Myles was born October 16th, 2021. As we celebrate his one-year birthday today all I want to do is cry. Everything my doctor told me at my 22-week US is true, it can all happen, but it’s not what she said, it’s what she didn’t say.

 

When you look into his eyes you will see beauty like you have never seen before. His smile will calm your fears and your anxiety. His love is unconditional. He may take longer to do things, but the journey is healing for all who embrace it. He will teach the world so much. He is not a defect, but a gift. God did not make a mistake when he created him, “He is fearfully and wonderfully made.” He does not need fixing or healing, rather God sent him to heal each of you. To show you the world through his eyes. To see all the beauty around you, that you have yet to experience or embrace. God chose him for you and your family for a reason, a purpose. He is the answer to your prayers and so much more.

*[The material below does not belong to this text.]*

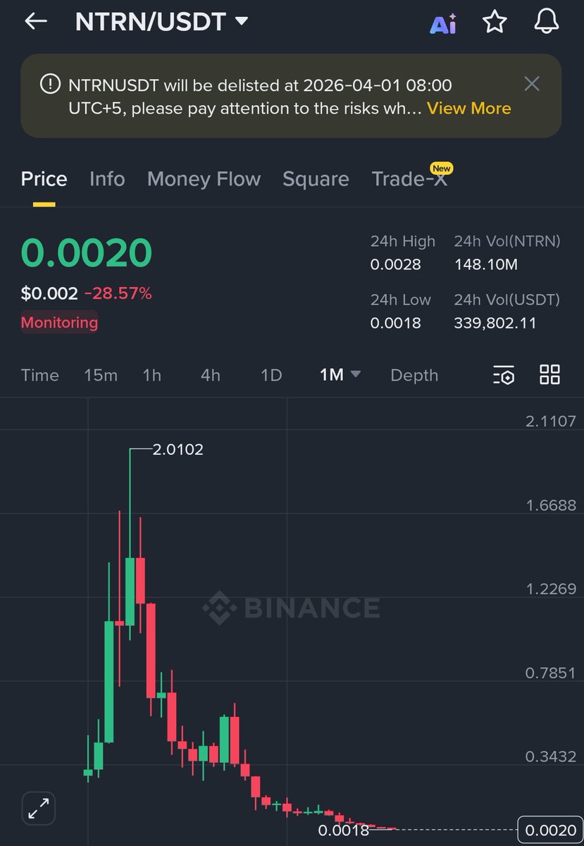 Holding altcoins on Binance looks scary. What if the bottom looks like this? I invested $65,000 in NTRN and only made $500. Haha, my initial goal was to double my money, but this altcoin rally looks terrible. Now I'm worried about other coins, especially $BIO, $ENA, $MIRA, $XPL, etc. What if the bottom looks like this? @paulkhls Looks like $BIO is next, haha. @binance If you buy altcoins on a central exchange, remember the bottom might look like this. It's best to stay away from altcoins; they've been performing poorly since 2023/24. @binance What about my other positions? I'll wait until the break-even point or the bottom also drops to $500.

Myles I am sorry I put my faith in all things but God’s plan. I am sorry I prayed for you to not be you. I cannot imagine my life without you, I love you so so much buddy. You truly are everything I prayed for and so much more. Thank you, God, for choosing us!

To anyone out there that has just gotten the diagnosis that your little one may be born with Down Syndrome please trust me when I say it will be ok. I know it doesn’t seem like it right now, and I know it is scary, but the journey is more beautiful than you can imagine. The gift he or she will bring to you and your family, I can’t even put into words how amazing it is.

“I will walk by faith even when I cannot see. For we live by faith not by sight.” (2 Corinthians 5:7) Wherever you are on your journey you have a choice; to walk by faith or to let fear be your guide. Which will you choose?